Natural sources of methane include tropical and northern wetlands (wetland), methane-oxidizing bacteria that feed on organic material consumed by termites (termite), volcanoes, seepage vents of the seafloor in regions rich with organic sediment, and methane hydrates trapped along the continental shelves (continental shelf) of the oceans and in polar permafrost. The primary natural sink for methane is the atmosphere itself, as methane reacts readily with the hydroxyl radical (OH^-) within the troposphere to form CO₂ and water vapour (H₂O). When CH₄ reaches the stratosphere, it is destroyed. Another natural sink is soil, where methane is oxidized (oxidation–reduction reaction) by bacteria.

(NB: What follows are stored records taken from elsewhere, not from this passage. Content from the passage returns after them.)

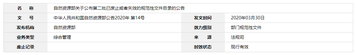 為貫徹實(shí)施新修改的《中華人民共和國(guó)土地管理法》,加快推進(jìn)自然資源管理改革,自然資源部開(kāi)展了規(guī)范性文件集中清理工作。現(xiàn)將自然資源部第二批已廢止或者失效的規(guī)范性文件目錄予以公布。
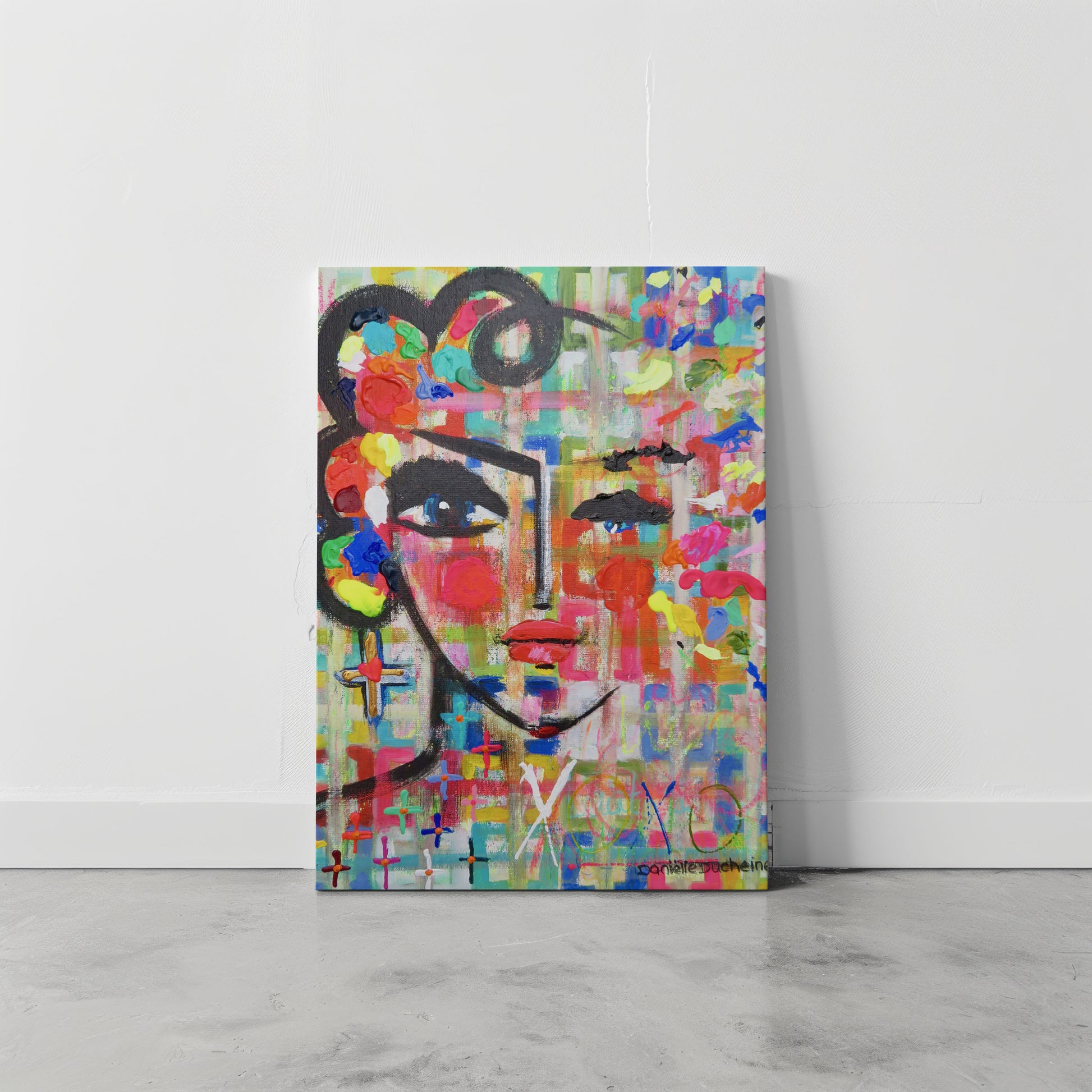 Het werk ademt levenslust en beweging. De kruizen en woorden vloeien samen tot een ritmisch patroon vol betekenis, terwijl het gezicht midden in de chaos rust uitstraalt.
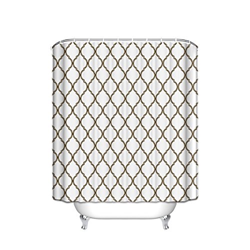 SUN-Shine Geometric Diamond Golden Line Pattern Mildew Resistant Waterproof Bathroom Fabric Shower Curtain with Hooks 72x84IN

As with CO₂, human activity is increasing the CH₄ concentration faster than it can be offset by natural sinks. Anthropogenic sources currently account for approximately 70 percent of total annual emissions, leading to substantial increases in concentration over time. The major anthropogenic sources of atmospheric CH₄ are rice cultivation, livestock farming, the burning of coal and natural gas, the combustion of biomass, and the decomposition of organic matter in landfills. Future trends are particularly difficult to anticipate. This is in part due to an incomplete understanding of the climate feedbacks associated with CH₄ emissions. In addition, as human populations grow, it is difficult to predict how possible changes in livestock raising, rice cultivation, and energy utilization will influence CH₄ emissions.

It is believed that a sudden increase in the concentration of methane in the atmosphere was responsible for a warming event that raised average global temperatures by 4–8 °C (7.2–14.4 °F) over a few thousand years during the so-called Paleocene-Eocene Thermal Maximum, or PETM. This episode took place roughly 55 million years ago, and the rise in CH₄ appears to have been related to a massive volcanic eruption that interacted with methane-containing flood deposits. As a result, large amounts of gaseous CH₄ were injected into the atmosphere. It is difficult to know precisely how high these concentrations were or how long they persisted. At very high concentrations, residence times of CH₄ in the atmosphere can become much greater than the nominal 10-year residence time that applies today. Nevertheless, it is likely that these concentrations reached several ppm during the PETM.

Methane concentrations have also varied over a smaller range (between roughly 350 and 800 ppb) in association with the Pleistocene ice age cycles. Preindustrial levels of CH₄ in the atmosphere were approximately 700 ppb, whereas early 21st-century levels exceeded 1,770 ppb. (These concentrations are well above the natural levels observed for at least the past 650,000 years.) The net radiative forcing by anthropogenic CH₄ emissions is approximately 0.5 watt per square metre—or roughly one-third the radiative forcing of CO₂.

Additional trace gases produced by industrial activity that have greenhouse properties include nitrous oxide (N₂O) and fluorinated gases (halocarbons (halocarbon)), the latter including sulfur hexafluoride, hydrofluorocarbons (HFCs), and perfluorocarbons (PFCs). Nitrous oxide is responsible for 0.16 watt per square metre radiative forcing, while fluorinated gases are collectively responsible for 0.34 watt per square metre. Nitrous oxides have small background concentrations due to natural biological reactions in soil and water, whereas the fluorinated gases owe their existence almost entirely to industrial sources.